# Woooo Hoooo!!



## MullersLaneFarm (Jul 23, 2004)

:banana02:

CloverBud sent me an Ebay listing for a Kromski Sonata. Barely used (new just 2 months ago), walnut stain, with the travel bag and a 72" niddy-noddy for a Buy It Now price of $500. (New-new is $540 for wheel, $120 for bag & $19.50 for niddy)

I may have been able to get it a bit cheaper if I let the auction run, but then again, it ended late at night so I probably would have lost the auction.

Now to sell the Ashford Traditional and antique Irish saxony. ...

:sing:


----------



## FalconDance (Feb 4, 2007)

Great find!

Did we get pics of the Irish Saxony? Or did you just tease us.........

Nvm, I found the pics. Hope a fiber junkie, um, artist snaps it up soon.


----------



## weever (Oct 1, 2006)

Sweet! Photos are needed when it arrives...


----------



## MTDeb (Feb 20, 2003)

Good deal! Just for future reference though, the new price is $520 for clear finish, $540 for walnut finish and those prices include the bag. 

You're going ot love your Sonata!!!


----------



## MullersLaneFarm (Jul 23, 2004)

You're right Deb - Walnut stain $540 includes bag. Still, I get free shipping and they're throwing in some wool also (wool makes such a nice packing material!)

Here's pics from the ebay listing:



















I've been lusting for a Sonata since I took a test spin on one last month.


----------



## Cloverbud (Sep 4, 2006)

You got it!?!?!?!!?!?

WOO HOO!!!!!!!!!!!!!

I'm tellin' y'all, this is Blessings Week!!

Amazing G is the proud shepherdess of a flock of one sweet little Columbian/Rambouillet ewe lamb (black!), my brother got 2 incredibly pedigreed Morgan mares (one in foal) given to him, and I rehomed my quartet of runner ducks, much to DH's delight.

And now this!!

I'm so happy for you!! It's beautiful. I hope it spins as nicely as the one you test drove. I can't wait to see it. The word here is that you'll have some Columbian/Rambouillet hogget fleece to spin on it next spring.


----------



## MullersLaneFarm (Jul 23, 2004)

SWEET!! Rambo cross is going to be an awesome fleece!

I told Paul about Doug's Morgans. When I first told him, I mistakenly said mustang and he didn't seem too excited. I told him I thought he would be more excited about Morgans and he perked right up and told me I had originally said mustang.

When I got home tonight I must have had a canary-eating grin on my face. Paul says, "You got a package today - it must be wool - you have the fiber look again." 

"Um, not quite - you know that wheel I told you about last month?" 

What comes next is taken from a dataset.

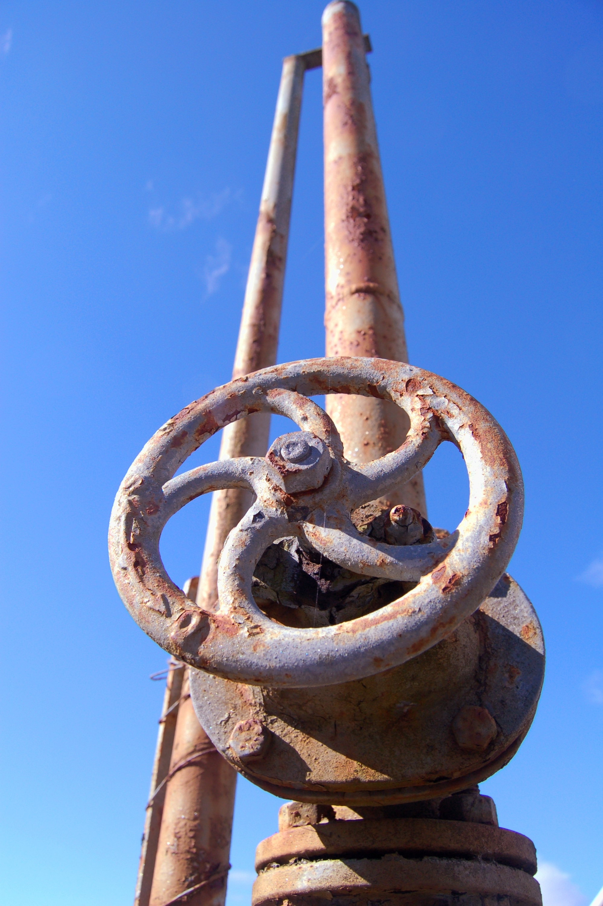 Rusty valve.

"You found one for a screaming deal?"

"Not a screaming deal, but less than new price."

"$400?"

"How about $500 and free shipping, fiber and a niddy noddy"

"What do you need a niddy noddy for?" (He makes all mine)

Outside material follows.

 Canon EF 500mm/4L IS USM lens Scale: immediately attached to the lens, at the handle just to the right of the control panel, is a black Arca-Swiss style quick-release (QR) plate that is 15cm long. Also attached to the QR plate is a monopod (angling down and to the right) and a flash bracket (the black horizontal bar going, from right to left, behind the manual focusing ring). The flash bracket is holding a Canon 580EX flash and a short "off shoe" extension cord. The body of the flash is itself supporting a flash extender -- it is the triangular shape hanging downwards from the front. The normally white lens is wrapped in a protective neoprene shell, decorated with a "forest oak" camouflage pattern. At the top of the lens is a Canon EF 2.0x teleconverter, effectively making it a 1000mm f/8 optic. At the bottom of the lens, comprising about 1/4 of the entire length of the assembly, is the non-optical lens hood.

Then he gives me a big hug and tells me I deserve it.

I love that man of mine!!! He's something very special.


----------



## swamp_deb (Jan 9, 2004)

It sure is a beauty Cyndi, how does it spin?


----------



## MullersLaneFarm (Jul 23, 2004)

Deb,
It will be here Thursday. I spun on one at the fiber fest last month and it had great action. I sat down with her and found my 'zen' spot immediately. I can't wait!

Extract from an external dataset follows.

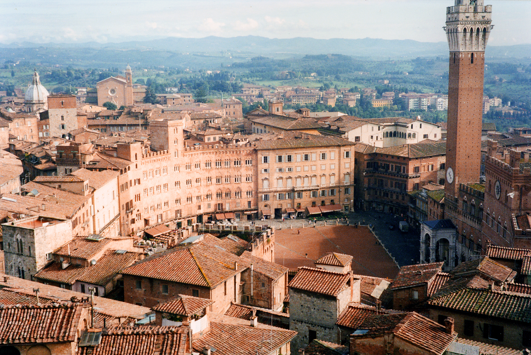 Piazza del Campo, Siena, Italy

I ordered a jumbo bobbin assembly today. By the time I get a couple bobbins filled, the jumbo will be here!


----------



## swamp_deb (Jan 9, 2004)

I read your post wrong, I thought that Paul told you that you had a package........he was only guessing because of your grin, right?

It is a beauty, I hope you love it as much as I love my Reeves.


----------



## MullersLaneFarm (Jul 23, 2004)

I _did_ have a package ... it was from a fiber swap I was in on another forum


----------



## swamp_deb (Jan 9, 2004)

You know the fiber police are going to come knocking on your door any day. :lookout:


----------



## MullersLaneFarm (Jul 23, 2004)

As long as they have fiber to swap, I'll let them in!!!


----------



## flannelberry (Jul 14, 2005)

Oh Cyndi, I am so happy for you and the teensy-ist bit jealous. I have been drooling over a Sonata. However, I couldn't afford one right now unless it was less than that. Of course,t hat's my own fault because I just can't stop buying sheep. Now I'm just back to happy for you!

Happy, happy spinning!


----------



## MullersLaneFarm (Jul 23, 2004)

Flannel, If it wasn't for the extra tax check, I wouldn't have been able to afford it right now. I told myself that I would wait until the Traditional & Irish wheels were sold, but ...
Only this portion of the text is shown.